My Constitution

2/8/2026 evergreen

Preamble

My Constitution is the rulebook I use to stop AI from quietly training me into passivity. Claude already has a constitution; Anthropic uses Constitutional AI to make model behavior answerable to written principles through critique, revision, and AI-feedback judgment. I wrote mine because the shaping runs both ways: every time I ask the machine to carry work, I am training clarity, judgment, and taste, or impatience, dependence, and the habit of reaching for an answer before I have earned the question.


The Shape Runs Both Ways

The idea started with Claude’s Constitution. Anthropic’s version makes the model answer to explicit principles instead of leaving all values implicit in human preference data. My version asks what happens on the other side of the screen.

The model has rules that shape its behavior. I need rules that shape mine.

The constitution began in Claude, then the work moved through Codex, other models, different tools, skills, agents, and orchestration layers. That exposed the first weakness. A rule that only works in one chat window is too easy to escape.

Model switching can become rule switching. I can ask Claude to challenge me, then ask Codex to execute, then ask another model to soften the critique and call that a second opinion. Tool switching can become permission laundering. The constitution has to govern the loop: the assistants, the runtime, and the person moving between them.

The Bargain I Made

The constitution begins with a concession: I cannot code, so the machine is allowed to carry code.

That bargain lets me build above my current level. Without it, most of this garden would not exist. It also gives surrender a clean opening line: I do not know this, so the machine should do it.

That line is true for code. It becomes dangerous when it creeps into framing, options, taste, priority, and judgment.

The constitution keeps the bargain useful by making it conditional. The machine may carry syntax, implementation, critique, retrieval, and pressure. I keep why, what, meaning, context, priority, refusal, and final judgment.

The Gates Before Surrender

The Analog Gate makes me define the work before execution. I owe the machine a schema in some form: handwritten, typed, drawn, rough. It has to name the outcome, constraints, edge cases, and decisions already made.

Then the machine asks hard questions. What happens when this fails? Why this approach over another? What does done mean? I have to answer before it proceeds.

The Knowledge Wall makes me struggle before I ask. I have to reach the point where I can say what I tried, what failed, and what I still do not understand.

The One-Shot Rule taxes lazy prompting. If the output fails because I asked badly, I delete the chat, rewrite the prompt offline, and restart. The cost is small enough to pay and irritating enough to teach.

The Meraki Finish gives the last edit back to me. LLM training reduces surface entropy. It smooths, averages, and resolves. I have to restore the crack: the example, the scar, the refusal, the line that proves a human made the last call.

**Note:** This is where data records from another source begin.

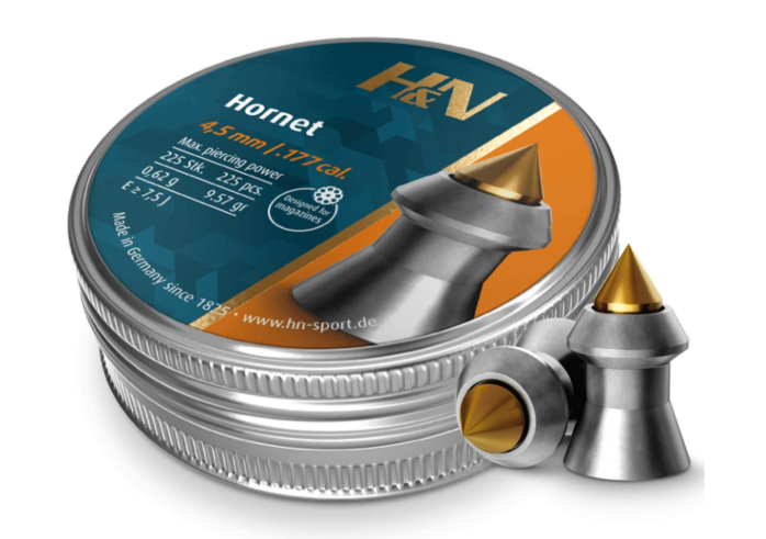 Specifications:• Calibre: .177 cal• Weight: 9.57 grains• Head Shape: Pointed tip • Pellet Shape: Diablo• Material: Brass tip & Lead base• Shooting type: Hunting• Minimum Muzzle Energy: 7.5 J• Maximum Distance: 30 m• BC: 0.016• Tin Quantity: 225 rounds
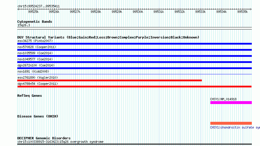 | | Variant Type | CNV loss | | Copy Number | | | Allele State | | | Allele Origin | | | Probe Count | | | Validation Flag | | | Merged Status | M | | Merged Variants | | | Supporting Variants | nsv570831, nsv570832 | | Samples | | | Known Genes | CHSY1 | | Method | SNP array | | Analysis | Illumina SNP array copy number analysis | | Platform | Not reported | | Comments | | | Reference | Cooper_et_al_2011 | | Pubmed ID | 21841781 | | Accession Number(s) | dgv4788n54
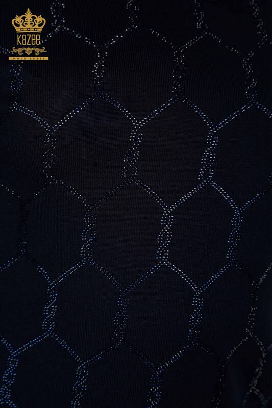 كنزة تريكو نسائية بالجملة مطرزة بحجر كحلي منقوش - 30317 | كازي
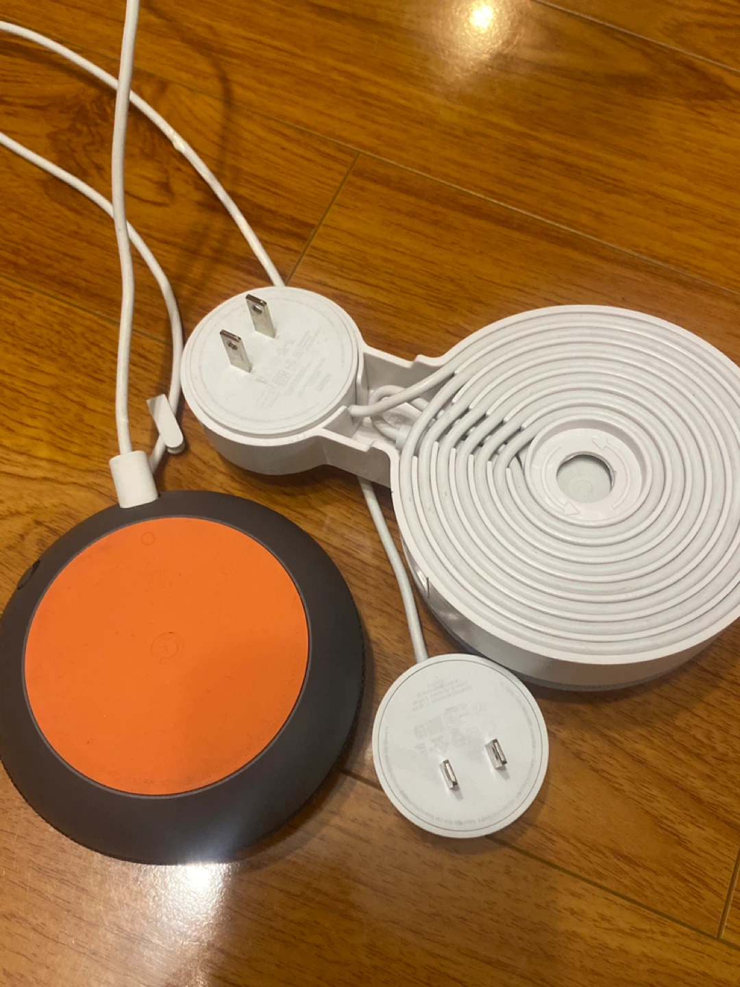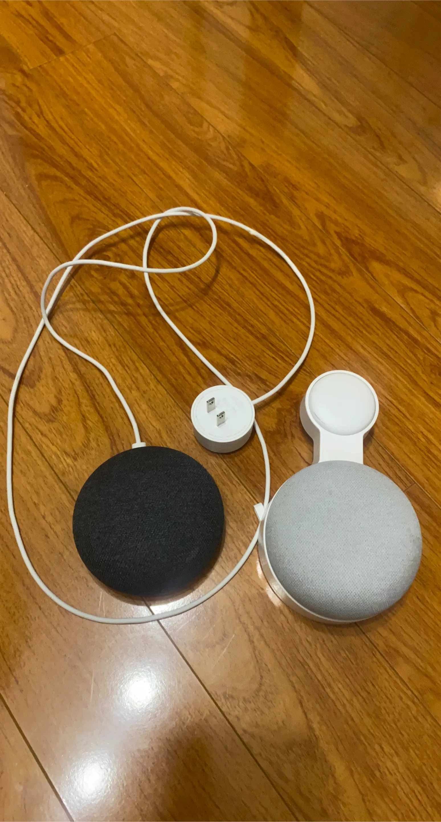 Dark charcoal is Google Home Mini 1st gen. Light chalk is Google Nest Mini 2nd gen. Comes with power adapters and Nest comes with a Free wall holder.

The Record Is The Training Signal

Each serious session can leave a footer: what shipped, how many tokens it took, whether enforcement triggered, whether I complied or argued, how many logic gaps I caught, and which rule broke.

Without the record, I can tell myself the machine helped because the work got done. With the record, I have to see whether I defined the work, answered the challenge, caught the gaps, and kept the last judgment.

A model can be shaped by repeated feedback. So can I.

If prompt quality rises, the rule may be working. If violations repeat, the system needs repair. If the logic gaps I catch fall to zero, I may be accepting clean output too easily. If tokens fall while judgment improves, the friction may be becoming habit.

The YAML footer started as an after-session ledger. It is becoming runtime. pre-clear writes the tracker, carry-forward context, and next-session record before memory starts editing the story.

The Rule Has To Break In Public

A clean rulebook proves very little. A logged violation proves more.

The constitution only matters when it changes what happens at the moment of temptation: when I ask too vaguely, when I want the model to choose for me, when I keep prompting instead of thinking, when polished output arrives and I want to ship it untouched.

The crack is not decoration. It marks the point where a rule met pressure and human judgment re-entered the surface.

The next version has to live closer to the work. Second Brain can remember what the rule learned. LLMs Therapist can expose the self-deception patterns. Decision Auditor can slow the choice before the machine makes it feel settled. Orion can become the harness that keeps the boundary visible across models.

The constitution is a rulebook for what the machine is allowed to do to me. The current rule set, the update log, the Analog Gate, and the Meraki Finish are linked here because the boundary has to stay inspectable after the session ends.